Top of DATA EXTRACT

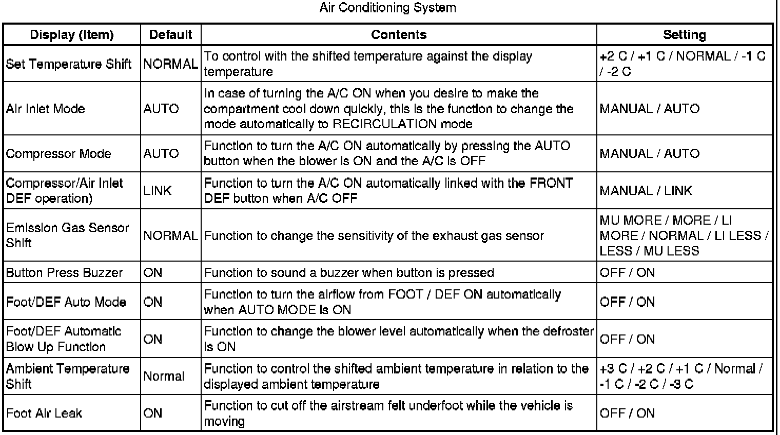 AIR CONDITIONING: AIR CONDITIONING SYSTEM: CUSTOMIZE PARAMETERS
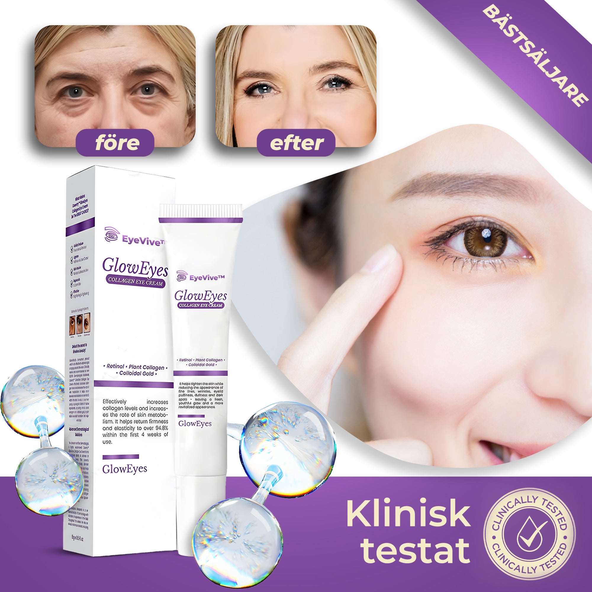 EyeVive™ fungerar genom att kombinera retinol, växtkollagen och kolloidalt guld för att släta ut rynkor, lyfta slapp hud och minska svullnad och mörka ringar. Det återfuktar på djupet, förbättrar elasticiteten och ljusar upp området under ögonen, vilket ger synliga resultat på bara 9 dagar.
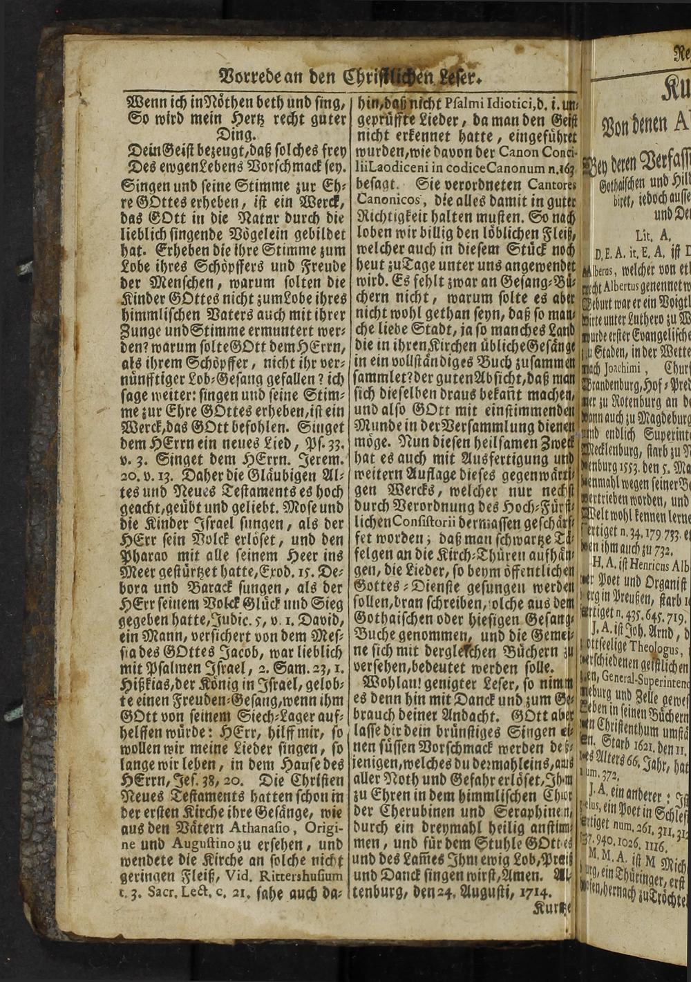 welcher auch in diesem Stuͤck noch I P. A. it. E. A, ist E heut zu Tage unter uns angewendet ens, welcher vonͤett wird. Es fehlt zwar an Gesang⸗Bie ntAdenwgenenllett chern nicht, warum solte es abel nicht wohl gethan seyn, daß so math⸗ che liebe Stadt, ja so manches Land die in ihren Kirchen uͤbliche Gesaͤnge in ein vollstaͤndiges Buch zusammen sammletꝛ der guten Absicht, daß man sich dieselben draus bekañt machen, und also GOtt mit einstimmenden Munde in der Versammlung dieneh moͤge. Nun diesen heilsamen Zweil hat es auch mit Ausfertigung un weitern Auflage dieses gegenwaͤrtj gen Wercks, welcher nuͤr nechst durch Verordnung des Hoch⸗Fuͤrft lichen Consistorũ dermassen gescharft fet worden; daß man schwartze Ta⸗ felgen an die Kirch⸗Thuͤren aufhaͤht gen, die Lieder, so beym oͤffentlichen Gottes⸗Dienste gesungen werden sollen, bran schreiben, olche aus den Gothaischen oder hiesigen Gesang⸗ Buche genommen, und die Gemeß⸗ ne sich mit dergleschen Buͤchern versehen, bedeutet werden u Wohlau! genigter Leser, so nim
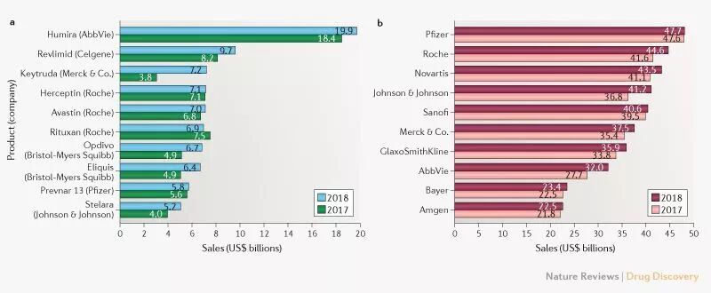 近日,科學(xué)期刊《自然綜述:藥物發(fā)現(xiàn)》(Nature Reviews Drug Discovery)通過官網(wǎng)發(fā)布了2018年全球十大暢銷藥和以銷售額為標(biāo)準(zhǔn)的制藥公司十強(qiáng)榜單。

Bottom of DATA EXTRACT

PROMPT → Keeping every word as it is, write out all the data and omit the pictures.

TASK RESULT →
 AIR CONDITIONING: AIR CONDITIONING SYSTEM: CUSTOMIZE PARAMETERS
 EyeVive™ fungerar genom att kombinera retinol, växtkollagen och kolloidalt guld för att släta ut rynkor, lyfta slapp hud och minska svullnad och mörka ringar. Det återfuktar på djupet, förbättrar elasticiteten och ljusar upp området under ögonen, vilket ger synliga resultat på bara 9 dagar.
 welcher auch in diesem Stuͤck noch I P. A. it. E. A, ist E heut zu Tage unter uns angewendet ens, welcher vonͤett wird. Es fehlt zwar an Gesang⸗Bie ntAdenwgenenllett chern nicht, warum solte es abel nicht wohl gethan seyn, daß so math⸗ che liebe Stadt, ja so manches Land die in ihren Kirchen uͤbliche Gesaͤnge in ein vollstaͤndiges Buch zusammen sammletꝛ der guten Absicht, daß man sich dieselben draus bekañt machen, und also GOtt mit einstimmenden Munde in der Versammlung dieneh moͤge. Nun diesen heilsamen Zweil hat es auch mit Ausfertigung un weitern Auflage dieses gegenwaͤrtj gen Wercks, welcher nuͤr nechst durch Verordnung des Hoch⸗Fuͤrft lichen Consistorũ dermassen gescharft fet worden; daß man schwartze Ta⸗ felgen an die Kirch⸗Thuͤren aufhaͤht gen, die Lieder, so beym oͤffentlichen Gottes⸗Dienste gesungen werden sollen, bran schreiben, olche aus den Gothaischen oder hiesigen Gesang⸗ Buche genommen, und die Gemeß⸗ ne sich mit dergleschen Buͤchern versehen, bedeutet werden u Wohlau! genigter Leser, so nim
 近日,科學(xué)期刊《自然綜述:藥物發(fā)現(xiàn)》(Nature Reviews Drug Discovery)通過官網(wǎng)發(fā)布了2018年全球十大暢銷藥和以銷售額為標(biāo)準(zhǔn)的制藥公司十強(qiáng)榜單。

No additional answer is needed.